§ Excerpted data
——————————

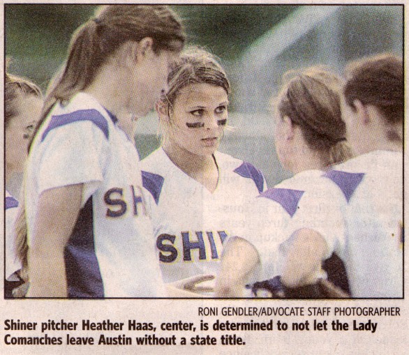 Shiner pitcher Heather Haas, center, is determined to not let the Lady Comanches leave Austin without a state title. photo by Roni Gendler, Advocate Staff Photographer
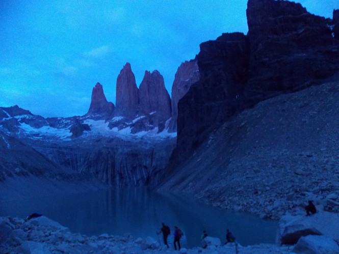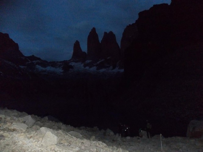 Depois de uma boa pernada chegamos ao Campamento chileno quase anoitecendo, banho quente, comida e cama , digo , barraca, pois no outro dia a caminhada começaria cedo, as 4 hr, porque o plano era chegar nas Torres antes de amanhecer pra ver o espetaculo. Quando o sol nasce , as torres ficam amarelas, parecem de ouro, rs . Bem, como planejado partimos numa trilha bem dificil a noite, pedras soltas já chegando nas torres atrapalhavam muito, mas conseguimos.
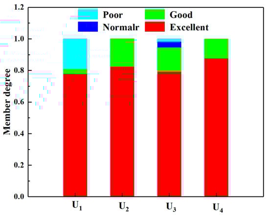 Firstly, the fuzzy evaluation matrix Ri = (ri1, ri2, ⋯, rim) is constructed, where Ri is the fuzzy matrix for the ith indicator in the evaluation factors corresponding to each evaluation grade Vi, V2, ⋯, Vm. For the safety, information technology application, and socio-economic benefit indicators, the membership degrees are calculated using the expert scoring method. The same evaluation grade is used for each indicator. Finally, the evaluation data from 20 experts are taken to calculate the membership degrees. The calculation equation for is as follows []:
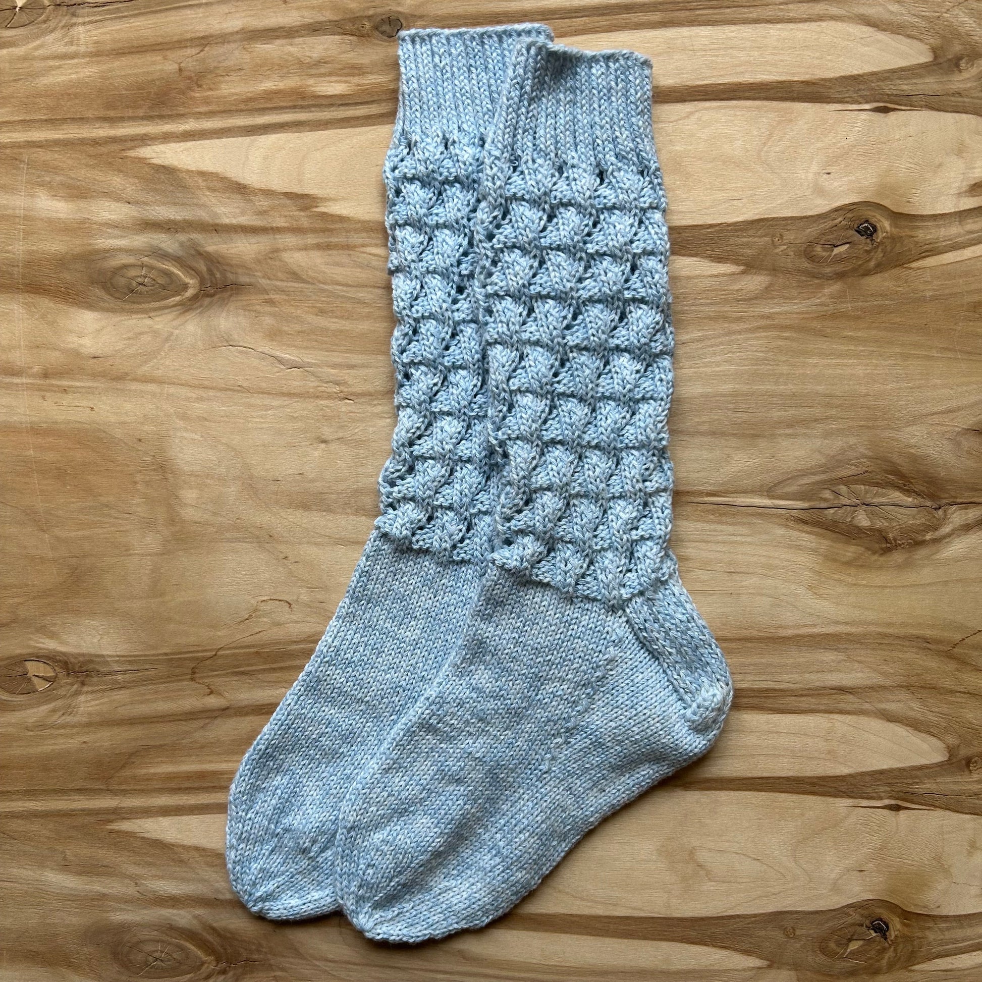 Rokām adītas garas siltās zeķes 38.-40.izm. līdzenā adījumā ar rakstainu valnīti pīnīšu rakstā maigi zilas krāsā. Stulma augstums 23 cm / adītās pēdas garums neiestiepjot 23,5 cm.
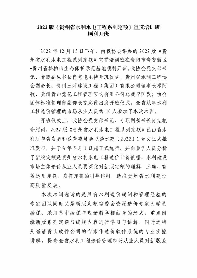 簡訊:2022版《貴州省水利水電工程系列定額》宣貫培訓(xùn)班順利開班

——————————

§ Assigned task
Copy the listing exactly. Leave the pictures out.

§ The completed task
 Shiner pitcher Heather Haas, center, is determined to not let the Lady Comanches leave Austin without a state title. photo by Roni Gendler, Advocate Staff Photographer
 Depois de uma boa pernada chegamos ao Campamento chileno quase anoitecendo, banho quente, comida e cama , digo , barraca, pois no outro dia a caminhada começaria cedo, as 4 hr, porque o plano era chegar nas Torres antes de amanhecer pra ver o espetaculo. Quando o sol nasce , as torres ficam amarelas, parecem de ouro, rs . Bem, como planejado partimos numa trilha bem dificil a noite, pedras soltas já chegando nas torres atrapalhavam muito, mas conseguimos.
 Firstly, the fuzzy evaluation matrix Ri = (ri1, ri2, ⋯, rim) is constructed, where Ri is the fuzzy matrix for the ith indicator in the evaluation factors corresponding to each evaluation grade Vi, V2, ⋯, Vm. For the safety, information technology application, and socio-economic benefit indicators, the membership degrees are calculated using the expert scoring method. The same evaluation grade is used for each indicator. Finally, the evaluation data from 20 experts are taken to calculate the membership degrees. The calculation equation for is as follows []:
 Rokām adītas garas siltās zeķes 38.-40.izm. līdzenā adījumā ar rakstainu valnīti pīnīšu rakstā maigi zilas krāsā. Stulma augstums 23 cm / adītās pēdas garums neiestiepjot 23,5 cm.
 簡訊:2022版《貴州省水利水電工程系列定額》宣貫培訓(xùn)班順利開班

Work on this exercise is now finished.